Sep 19, 2012 13:41 GMT  ·  By
Objects manufactured through 3D printing are often fragile and fall apart or lose their shape, as evidenced by some of the failed or misshapen items Bedrich Benes displays here
   Objects manufactured through 3D printing are often fragile and fall apart or lose their shape, as evidenced by some of the failed or misshapen items Bedrich Benes displays here

As 3D printing grows in popularity, one of its core flaws is beginning to surface increasingly often. The objects these devices create, one layer at a time, tend to fall apart, change their shape, and lose structural integrity over time. Now, experts at Purdue University propose a way of solving this issue.

Scientists say that, most commonly, objects manufactured through 3D printing fail at the points of highest stress. But this problem can be now addressed by using a computer program that automatically makes objects stronger before they are printed.

The software was created by researchers at the Purdue University and Adobe's Advanced Technology Labs. The team was led by Bedrich Benes, an associate professor of computer graphics at Purdue.

3D printers work by constructing objects from scratch, on a layer-by-layer basis. They can use several types of materials, from plastic to metal, but they somehow fail to create items strong enough to withstand normal handling or shipping.

“I have an entire zoo of broken 3D printed objects in my office,” Benes says. “You can go online, create something using a 3-D printer and pay $300, only to find that it isn't strong enough to survive shipping and arrives in more than one piece,” ATL senior research manager Radomir Mech adds.

What the new software does is it first analyzes the structure of the object that needs to be printed. Once this stage is complete, special algorithms figure out which segments are most prone to failure, and selects from a range of possible solutions to this problem.

Most of the times, the software may choose either to increase the thickness of key structural elements, or to add struts, for additional support. The third option is to identify the heaviest elements, and then hollow them out.

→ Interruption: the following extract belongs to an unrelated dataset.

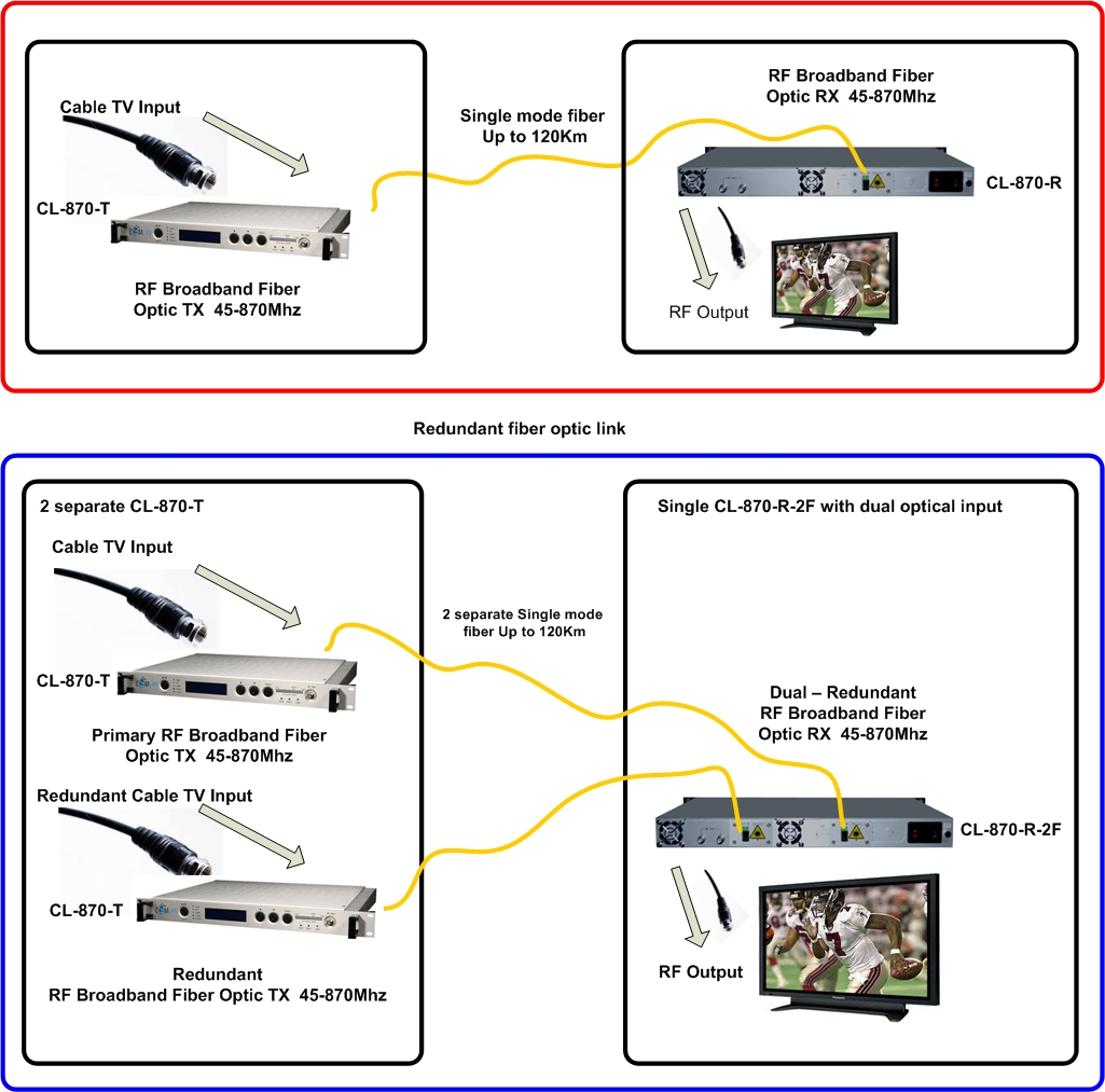 The CL-870-R-2F is used for receiving RF cable TV signals (45-870MHz) that are transmitted over an optical fibre. The unit can receive optical signals in either the 1310nm or the 1550nm bands. Designed to work well with the CL-870-T units, the CL-870-R-2F has two optical receivers as well as two power supplies. When one power supply becomes too warm the unit will automatically switch to the second power supply. The second optical receiver adds further redundancy and system reliability. The CL-870-R-2F features an easy to read front panel LCD screen that displays relative operating status and fault information. All operating parameters of the CL-870-R-2F series receivers are designed for high reliability and suitable fore even the most high end applications.

“We not only make the objects structurally better, but we also make them much more inexpensive. We have demonstrated a weight and cost savings of 80 percent,” Mech explains.

“The 3-D printing doesn't have to be so precise, so we developed our own structural analysis program that doesn't pay significant attention to really high precision,” Benes adds.

In the future, the team plans to create a version of the software that can be used on 3D printed objects that feature moving parts. These are a lot more difficult to analyze, and the program may have to choose multiple solutions simultaneously to address faults in the original plans.